Context-aware commentary:

Beyond static annotations, context-aware commentary adapts based on who is viewing the dashboard and what filters are applied:

  • A regional sales manager viewing the revenue dashboard sees commentary focused on their region’s performance relative to peers.
  • A CFO viewing the same dashboard sees commentary focused on consolidated performance, margin trends, and forecast accuracy.
  • When a user applies a filter (e.g., selects a specific product line), the commentary regenerates to focus on that product line’s story.

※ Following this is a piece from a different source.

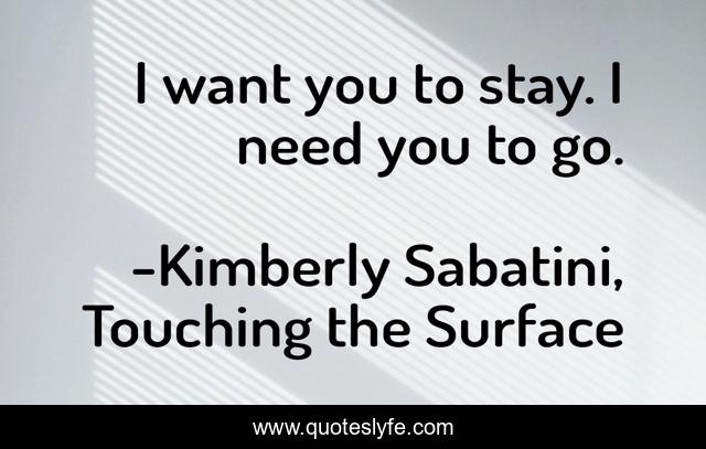 "Kimberly Sabatini, Touching the Surface Quotes." Quoteslyfe.com, 2025. Sun. 07 Dec. 2025. <https://www.quoteslyfe.com/quote/I-want-you-to-stay-I-need-240133>.

This requires a commentary engine that accepts the current filter context and the viewer’s role as inputs and generates relevant narrative. Implement this as a server-side function that runs after the dashboard data query completes, using the query results and the user’s role to select and populate commentary templates.

Checklist

Checklist

  • [ ] Reporting requirements documented with stakeholder sign-off
  • [ ] Each KPI has a clear definition, data source, calculation method, and owner
  • [ ] Leading and lagging indicators are balanced (not all lagging)
  • [ ] Report type (operational, analytical, regulatory, ad-hoc) is classified for each report
  • [ ] Data pipeline architecture chosen and documented (live query, materialized view, or warehouse)
  • [ ] Materialized views have defined refresh schedules and reconciliation checks
  • [ ] Row-level security predicates applied and tested with multiple roles
  • [ ] Field-level masking configured for sensitive data columns
  • [ ] Export permissions configured separately from view permissions
  • [ ] Dashboard follows progressive disclosure (headline KPIs -> supporting charts -> detail reports)
  • [ ] Drill-down paths defined and functional from summary to transaction
  • [ ] Chart types appropriate for the data relationship being shown
  • [ ] Dashboard renders correctly at desktop, tablet, and mobile breakpoints
  • [ ] Scheduled reports configured with correct distribution lists, formats, and parameters
  • [ ] Large reports delivered as in-app links rather than email attachments
  • [ ] NULL handling documented and tested for all aggregation fields
  • [ ] Time zones consistent across source data, transformations, and report output
  • [ ] Reconciliation performed: report totals match source-of-truth systems
  • [ ] Report consumers have validated accuracy and usability
  • [ ] Performance tested: reports return within acceptable time (< 5s for operational, < 30s for analytical)
  • [ ] Materialized view refresh strategy defined (incremental, CDC, partition-level, or micro-batch)
  • [ ] Cache invalidation method configured for each dashboard (TTL, event-driven, or stale-while-revalidate)
  • [ ] Stale data indicators displayed on every dashboard widget with refresh timestamp
  • [ ] Drill-down paths pre-aggregated at each hierarchy level for performance
  • [ ] Cross-entity drill-through contracts defined (source parameters, target filters)
  • [ ] Governed datasets created with RLS enforcement and quality gates
  • [ ] Certified metrics published in the metric catalog with calculation formulas and owners
  • [ ] Semantic layer configured mapping business terms to data structures
  • [ ] Self-service report governance policy established (report census, certification, labeling)
  • [ ] Predictive widgets display confidence intervals and are clearly labeled as forecasts
  • [ ] Anomaly detection configured for key KPIs with severity scoring
  • [ ] Mobile breakpoints tested with widget priority ranking applied
  • [ ] Push notifications configured for KPI breaches with suppression/cooldown rules
  • [ ] Annotation layer enabled on dashboards for institutional context
  • [ ] Executive summary automation configured with narrative generation and delivery schedule
ERP•AI & Proto

ERP•AI & Proto

ERP•AI: Report builder and dashboard designer support drag-and-drop layout, embedded BI, row-level security, and scheduled distribution. The semantic layer maps business terms to data structures, and the metric catalog publishes certified KPI definitions.

Proto: Generates KPI definitions, dashboard layouts, and drill-down configurations as mission outputs. During reporting missions, Proto reasons over available data dimensions and business requirements to propose metric hierarchies and visualization types.